Kirea Bakery

Title:

Kirea Bakery

Function:

Bakery and coffee shop

Year:

2026

Sqm:

300

CP:

50.000 Euros

Together with Habte, founder of Tesfa, we reflected on how to create a project that could bring a real and lasting benefit to the local community of Lalibela. From this dialogue, the idea of a bakery emerged as the most effective response: a welcoming, symbolic place where residents and visitors can meet, which fills the current lack of quality baked products, supports the local economy, offers professional training and employment, and is designed to grow over time and sustain itself independently.

Infrastructure and Investment

We will construct the bakery from the ground up, including the building, ovens, and all necessary equipment. This initial investment lays the foundation for a long-term, self-sustaining activity.

Education and Capacity Building

A key pillar of the project is training. We will train bakers, waiters, and managers, offering people the opportunity to learn a profession, develop skills, and build a path toward independence and specialization.

Local Economy and Short Supply Chains

The bakery will prioritize sourcing ingredients from local producers, strengthening the local economy and reducing dependency on external supply chains. At the same time, it will promote local craftsmanship by offering visibility and a market for artisans.
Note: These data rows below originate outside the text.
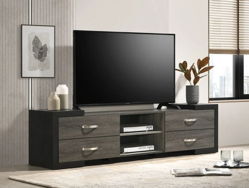 Discover the epitome of modern elegance with this stylish entertainment console, a perfect blend of contemporary design and functionality. Crafted with sleek, dark tones and complemented by bold black accents, this console exudes a sophisticated charm that effortlessly enhances any living space. The spacious surface accommodates your large flat-screen TV while the four roomy drawers provide ample storage for all your media essentials, ensuring a clutter-free environment. Central open shelves are perfect for displaying your favorite decor pieces or housing your gaming consoles and media players. Finished with brushed metal handles for a touch of industrial flair, this entertainment console is not just a piece of furniture—it's a statement of refined taste and practical luxury.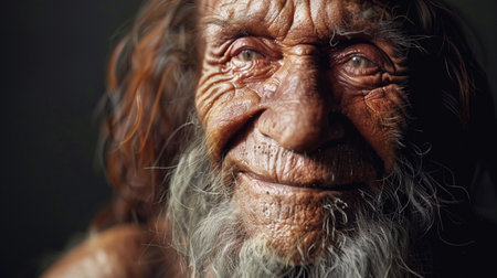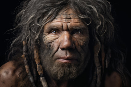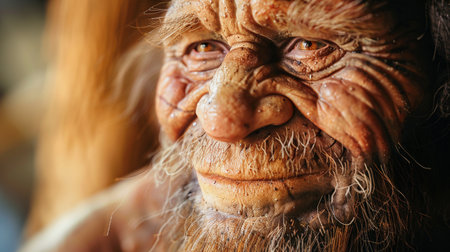 Portrait of prehistoric man in cave. Face of Neanderthal caveman with beard. Ancestor of mankind. Created with Generative AI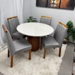 Seja o primeiro a avaliar “Mesa de Jantar Dara 110cm Redonda com Vidro e 4 Cadeiras California em Veludo Estofadas Lj Móveis” Cancelar resposta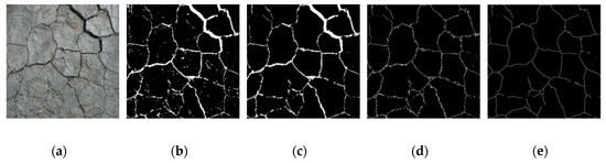 Based on Ren et al. [43] and an open image processing software (ImageJ ver. 1.8.0) (National Institutes of Health, Bethesda, MD, USA), digital image processing on surface cracking patterns of a concrete specimen under sulfate attack is illustrated in Figure 4. First, a polychromatic method was used to geometrically correct the color photo of surface cracks. After calibrating the image scale, image pixels were converted into actual length (in millimeters) and the image was cropped (Figure 4a). Next, color images of each sample were converted into grayscale ones and the latter were binarized using a grayscale threshold. The grayscale images were reversed (Figure 4b), and in this way, cracking areas of each sample were white regions on images. Then, in the case of a given threshold of crack length, a conventional opening operation was performed to reduce small white spots on aggregates, which were considered to be noise in binary images. If this was not effective, the remaining white spots (possibly represented aggregates) in the non-cracked area were removed by manual intervention (Figure 4c). Further, in the case of a given threshold of crack length, a crack fusion method was proposed to repair the crack. The binary image was expanded to eliminate a narrow space where the crack spacing was less than a threshold and the pixels were removed from the crack boundary. The skeletonization algorithm was then performed until a pixel wide crack skeleton was obtained (Figure 4d). Finally, a certain threshold was considered to tailor cracks with lengths less than the threshold (Figure 4e) as noise generated during skeletonization [26].
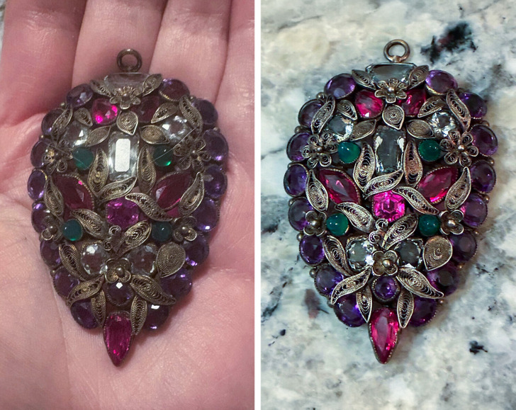 «Купила этот кулон в винтажном магазине, чем-то зацепил меня. А сегодня я его почистила и — мама дорогая!»
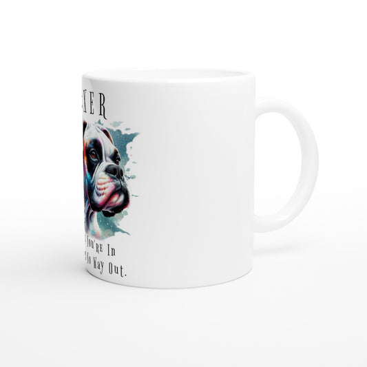 Boxer white - Sparkly White Boxer Dog with a mob text. 11oz Ceramic Mug - White 11oz Ceramic Mug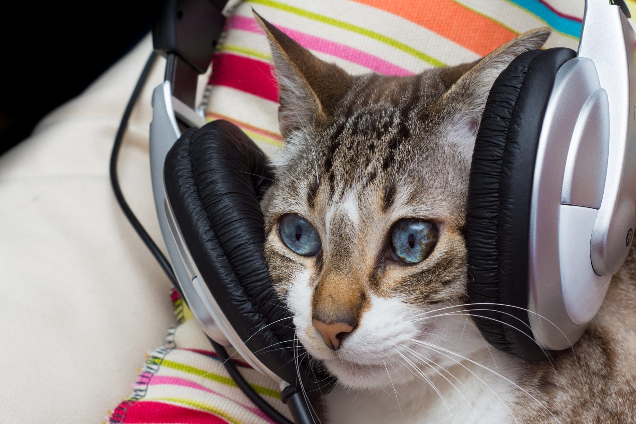 Кошка с наушниками

Autonomy and Long-Term Vision

The bakery is designed to become fully autonomous. Once established, it will be managed locally, with the supervision of Tesfa, our trusted partner in Lalibela. This ensures continuity while reinforcing local ownership.

Non-Profit Model

Kirea does not generate profit from the bakery. Every effort and resource is directed toward creating lasting impact for the community.

Transparent Investment

The estimated total cost includes both the construction of the bakery, the purchase of the land, and the training of the people who will run it, reflecting our commitment to both physical infrastructure and human development.

A Sustainable Future

We believe that sustainable development is not just about building structures, but about creating opportunities, transferring knowledge, and empowering people. This bakery is intended to become more than a place where bread is made, it will be a space where relationships are built, skills are developed, and a local, resilient economy can grow over time.
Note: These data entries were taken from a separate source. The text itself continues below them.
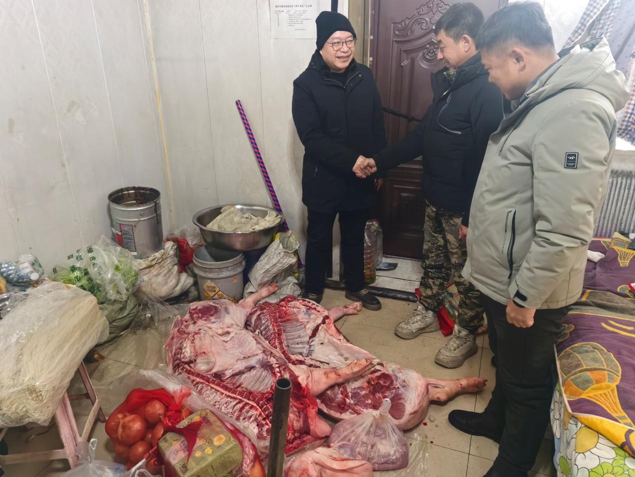 “冬季深山作業(yè),職工的御寒保暖和飲食保障是我們最牽掛的事?!背焙恿謭鍪冀K堅持“職工的‘心上事’就是林場的‘要緊事’”理念,提前與各作業(yè)組精準(zhǔn)對接,深入了解一線實際困難與需求,針對性籌備慰問物資。深入冬季營林生產(chǎn)作業(yè)點,開展歲末一線慰問活動,慰問車隊滿載 390 斤豬肉、新鮮水果、各類蔬菜、防寒棉衣、保暖手套等冬季防護(hù)用品和生活物資。抵達(dá)作業(yè)點后,慰問組詳細(xì)查看了臨時板房的取暖設(shè)備運行、食宿環(huán)境保障等情況,仔細(xì)檢查供暖管線、消防設(shè)施等安全隱患點,確保冬季生產(chǎn)生活安全?!耙归g宿舍溫度能達(dá)到多少?”、“日常食材儲存是否方便”,詢問大家的工作生活狀況,傾聽職工訴求。針對長期駐守作業(yè)點可能出現(xiàn)的食材新鮮度不足問題,林場黨支部副書記表示,“從下周起,定期配送新鮮蔬菜,保障大家營養(yǎng)均衡,讓大家吃得放心、干得舒心?!睜I林副場長圍繞冬季營林作業(yè)規(guī)范、機(jī)械設(shè)備防寒維護(hù)等內(nèi)容開展專業(yè)指導(dǎo),提醒隊員們嚴(yán)守安全生產(chǎn)規(guī)程,做好防寒防凍措施,確保生產(chǎn)安全與作業(yè)質(zhì)量雙達(dá)標(biāo)。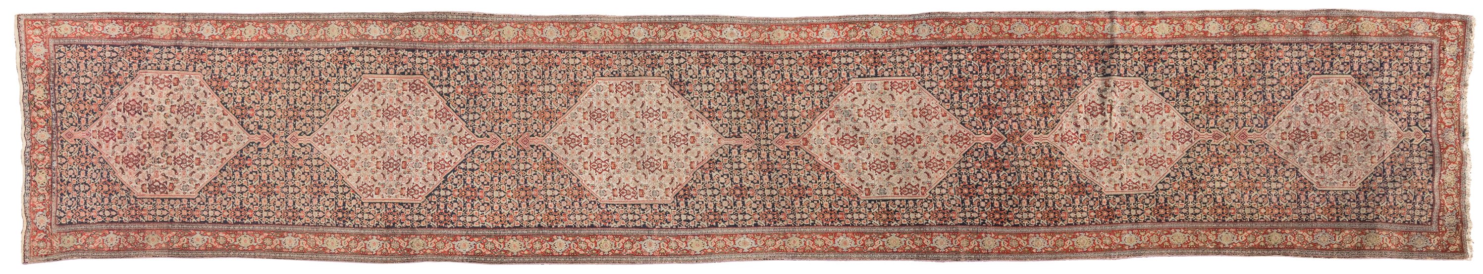 Dense décor herati de fleurs et palmes orné de six médaillons rhomboïdaux crème à décor herati.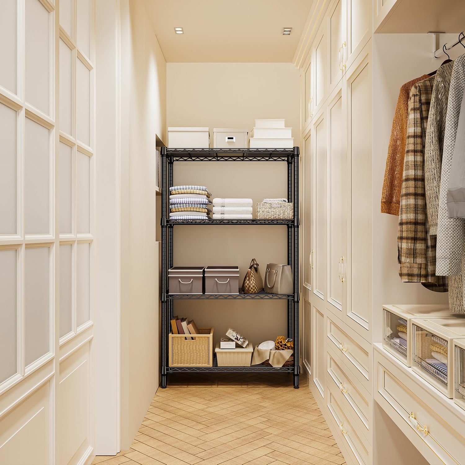 M MZG 1000 lbs 4 Tier Shelf Metal Storage Shelves Shelving Wire Rack Heavy Duty Closet Organizers for Garage Kitchen Bathroom Laundry Black 15.7" D x 33.5" W x 59.5" H

Sustainable Development Approach

This project is built around a holistic vision of sustainability, where economic independence, social impact, and local empowerment are deeply interconnected.

Bakery Activities

The bakery is conceived as a dynamic, multifunctional space that brings together production, hospitality, and local culture. It will offer daily freshly baked bread and biscuits, alongside locally sourced coffee and a small seasonal menu based on fresh, zero-kilometer ingredients. The space will also serve as an information point for tourists, promoting responsible and conscious travel, and will include a retail area showcasing handmade products by local artisans.


Funds will be used to:


The project is conceived on a 45 cm elevated platform that lifts the building above ground level, creating a defined plaza surrounded by native planting.

A reinforced concrete structure is set on this base. The concrete is pigmented red through the incorporation of mineral additives, referencing the tones of the local soil and the rock formations of Lalibela.
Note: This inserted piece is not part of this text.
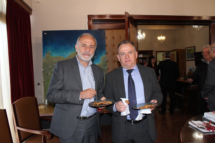 Μια ξεχωριστή γιορτή-δεξίωση πραγματοποιήθηκε σήμερα το μεσημέρι στο κτήριο της Π.Ε. Κεφαλληνίας, με τους δύο Αντιπεριφερειάρχες να υποδέχονται τον κόσμο (επίσημους και μη) στην καθιερωμένη κοπή της βασιλόπιτας, που είναι πάντα η πρώτη στο νησί.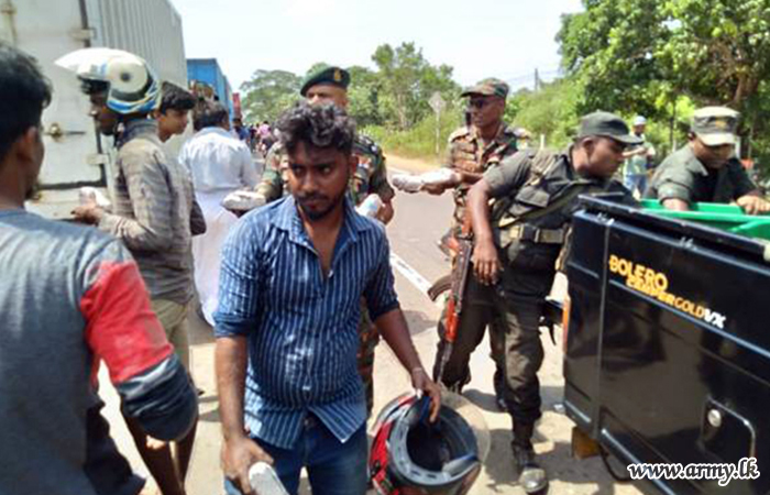 Giving a relief to the people undergoing economic hardships in the general area of Kanagaraykulam in Vavuniya, 561 Brigade troops under the 56 Division of the Security Force HQ-Wanni offered more than 400 free lunch packets to civilians after taking them to each doorstep on 13 July 2022 as one of the 561 Brigade's community projects.

Above the concrete volume, a traditional Ethiopian thatched roof is installed, supported by a timber frame structure.

The interior is enclosed by glazed façades, with window frames finished in the same color as the pigmented concrete to ensure material and chromatic continuity.

The pavilion is organized along its main axis into three functional areas.

The first area is an open-air space dedicated to informal service, furnished with wooden benches, tables, and chairs crafted by local artisans based on drawings provided by the Kirea design team.

The second area accommodates the main service and display counter, designed in concrete and steel, along with four tables and seating for customers.

The third area comprises the back-of-house functions, including a bakery kitchen, equipment and appliances, a central work island, and two restrooms.

The drawings illustrate the general concept of the project. They will be further developed into a detailed design, with potential adjustments to respond to the specific dimensions and characteristics of the site once acquired, as well as to align with the finalized budget.